MATERIAL FOR THIS EXERCISE.
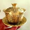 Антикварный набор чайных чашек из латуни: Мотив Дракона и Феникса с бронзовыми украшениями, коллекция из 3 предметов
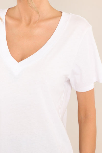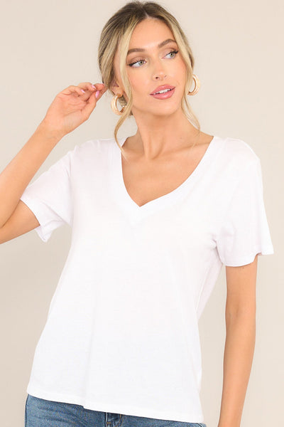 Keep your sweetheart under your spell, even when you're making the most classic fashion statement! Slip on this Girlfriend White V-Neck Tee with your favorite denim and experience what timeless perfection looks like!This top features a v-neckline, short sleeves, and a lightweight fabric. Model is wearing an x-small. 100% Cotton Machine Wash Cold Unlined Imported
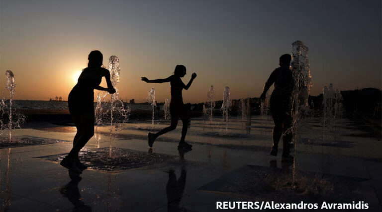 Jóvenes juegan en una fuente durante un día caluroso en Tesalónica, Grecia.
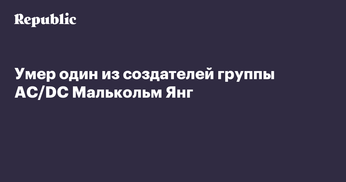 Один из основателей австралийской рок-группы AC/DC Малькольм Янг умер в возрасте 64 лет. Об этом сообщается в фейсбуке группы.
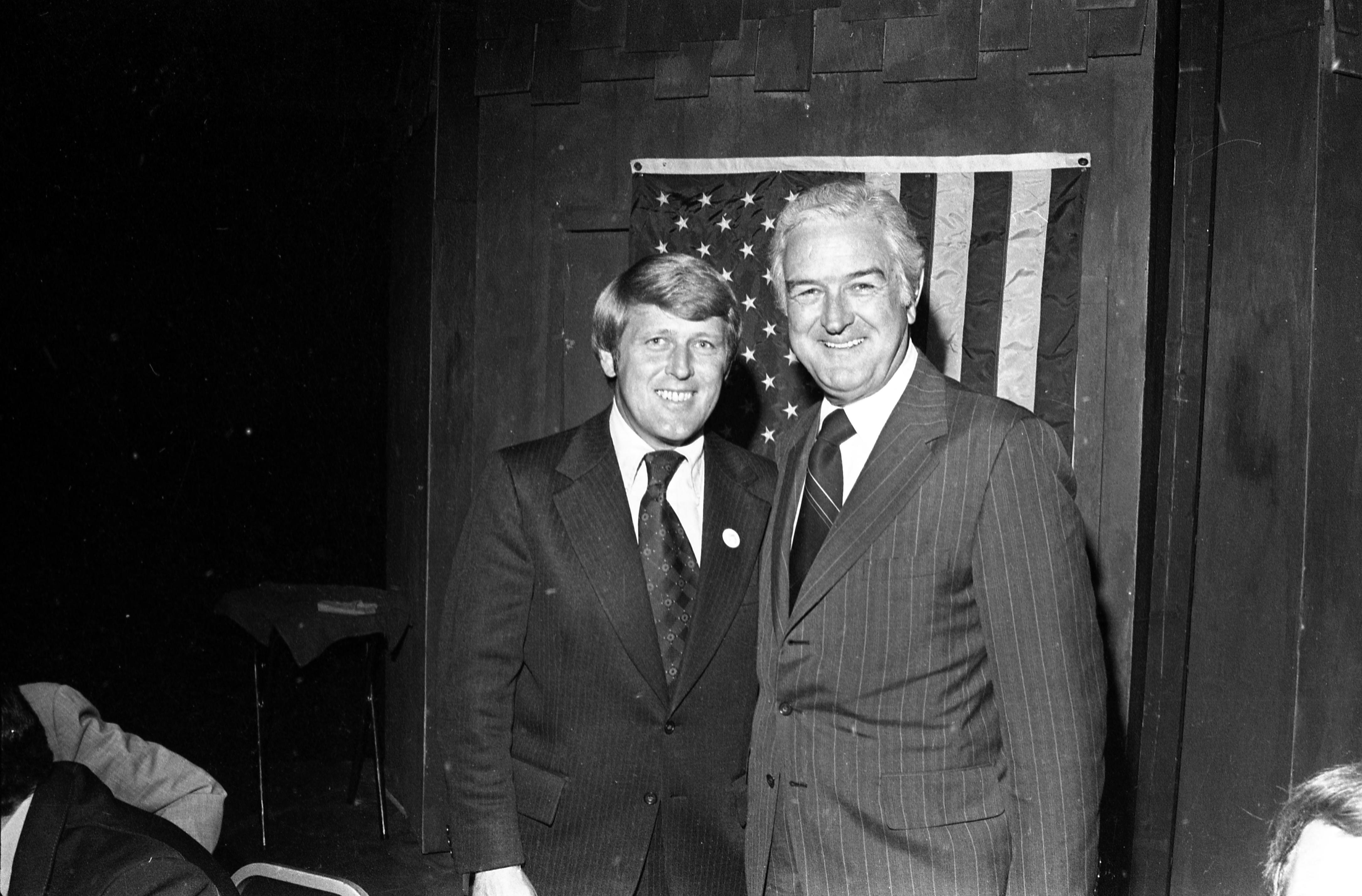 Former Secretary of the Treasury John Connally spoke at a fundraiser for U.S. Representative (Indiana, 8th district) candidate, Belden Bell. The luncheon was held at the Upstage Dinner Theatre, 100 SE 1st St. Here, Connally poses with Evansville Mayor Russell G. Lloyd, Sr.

REQUIRED WORK.
The pictures are to be omitted, and the rest of the listing is to be transcribed exactly.

TASK SOLUTION.
 Антикварный набор чайных чашек из латуни: Мотив Дракона и Феникса с бронзовыми украшениями, коллекция из 3 предметов
 Keep your sweetheart under your spell, even when you're making the most classic fashion statement! Slip on this Girlfriend White V-Neck Tee with your favorite denim and experience what timeless perfection looks like!This top features a v-neckline, short sleeves, and a lightweight fabric. Model is wearing an x-small. 100% Cotton Machine Wash Cold Unlined Imported
 Jóvenes juegan en una fuente durante un día caluroso en Tesalónica, Grecia.
 Один из основателей австралийской рок-группы AC/DC Малькольм Янг умер в возрасте 64 лет. Об этом сообщается в фейсбуке группы.
 Former Secretary of the Treasury John Connally spoke at a fundraiser for U.S. Representative (Indiana, 8th district) candidate, Belden Bell. The luncheon was held at the Upstage Dinner Theatre, 100 SE 1st St. Here, Connally poses with Evansville Mayor Russell G. Lloyd, Sr.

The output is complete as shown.